I put the breaks on that for three reasons. The first is I just don't have a particularly keen interest in building an organization. I love to be part of a team, but I like to be more hands on with the ideas and the work of the team rather than the meta aspect. I've gotten great help for this project at an informal level, so there's no rush to formalize it. The second reason is I don't have a great aptitude for team building, and I'm not ready yet to dedicate the time to that. I get excited by ideas and am good at quickly explore new idea spaces, but being the captain who calmly guides the ship toward a known destination just isn't me right now. The third reason is just the idea remains too risky and ill-defined. If it's a good idea, growth will happen eventually, and there's no need to force it.

There is a loose confederation of folks I work on this idea with, but no formal organization with an office so far.

Conclusion

That's it for the recap of 2019! Tune in next year for a recap of 2020.

⁂

Notes

[1] Regardless of whether or not Tree Notation turns out to be a good idea, as one part of the effort to prove/disprove it I've built a lot of big datasets on languages and notations, which seem to be useful for other people. Credit for that is due to a number of people who advised me back in 2017 to "learn to research properly".

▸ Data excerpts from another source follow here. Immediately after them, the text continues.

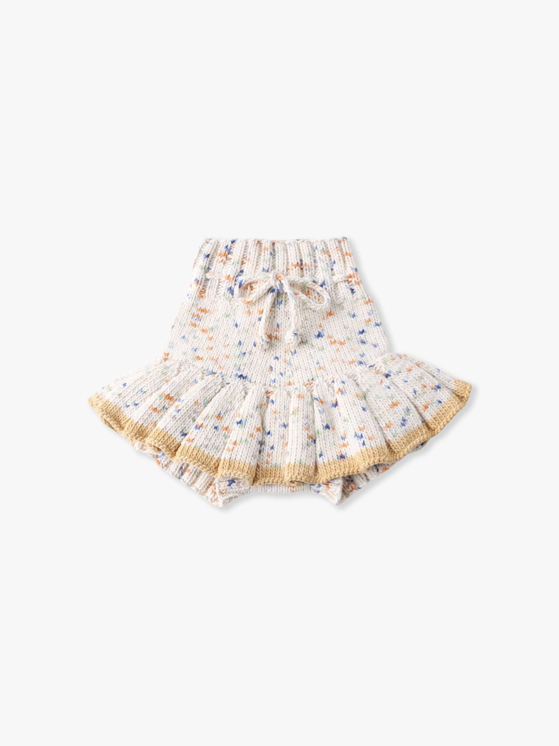 Misha & Puffで人気のスケーティングポンドスカートは、リブ編みのディテールが可愛らしいブルマーと、ウエストのフィット感の調整ができるポップコーンタイのドローストリングが特徴です。手染めのコットン糸で編まれているためニュアンスのあるカラーが美しく、穿き心地の良さも兼ね備えています。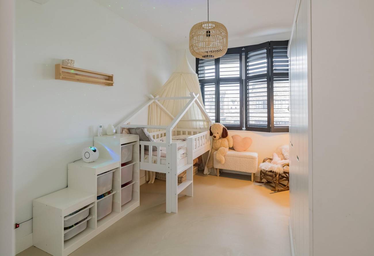 De eerste verdieping heeft 3 ruime slaapkamers met grote ramen, een moderne badkamer met o.a. een ligbad en een separate toiletruimte met een spa-toilet. De ouderslaapkamer heeft een eigen kleedruimte.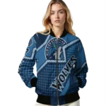 Uncover the details that make this Personalized Minnesota Timberwolves Star Burst Midnight Blue Bomber Jacket a truly exceptional piece.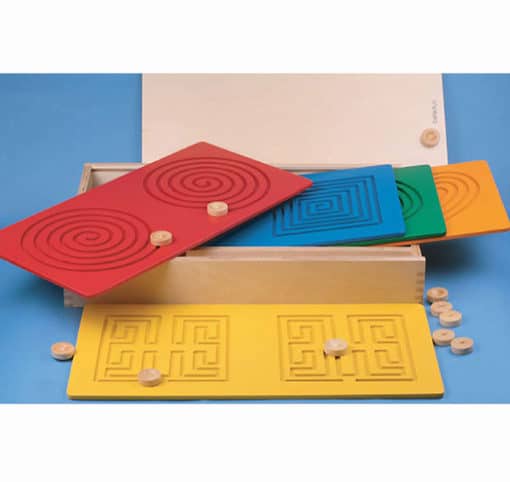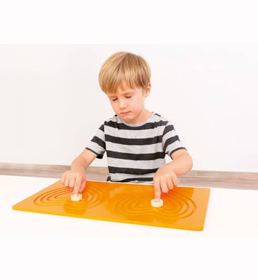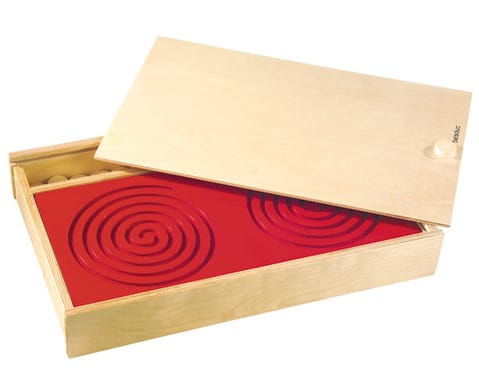 5 motorische tandemborden met verschillende motieven in houten opbergkist met 10 schuif schijfjes, bevordert motorische vaardigheden door gespiegelde figuren. Beide hersenhelften worden tegelijk geactiveerd en met elkaar verbonden door de symmetrie van beide handen. Bevordert de basisvaardigheid voor de schrijfmotoriek, oog-hand coördinatie en de concentratie.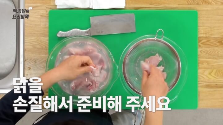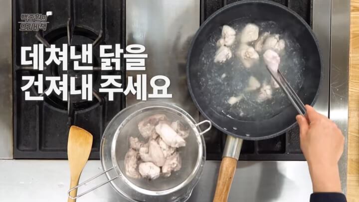 닭 사이에 내장을 잘 제거해서 깔끔하게 먹을 수 있도록 씻어주는데요, 냉동닭을 구매하면 특히 내장에서 냄새가 날 수가 있으니 흐르는 물에 뼈가 잘 나오게 씻어 주는 게 좋아요. 또한 잡내를 확실히 없애기 위해 한 번 데쳐주면 더욱 좋습니다.

[2] Note that this means I am between 90-99% confident that Tree Notation is not a good idea. However, if it's a bad idea I am 40% confident the attempt to prove it a bad idea will have positive second-order effects. I am 50% confident that it will turn out I should have dropped this idea years ago, and it's a crackpot or Dunning–Kruger theory, and I'd be lying if I said I didn't recognize that as a highly probably scenario that has kept me up some nights.

[3] When it was first coming together, it wasn't a "book" as we think of books today and authorship is very fuzzy, but that doesn't affect things for my purposes here.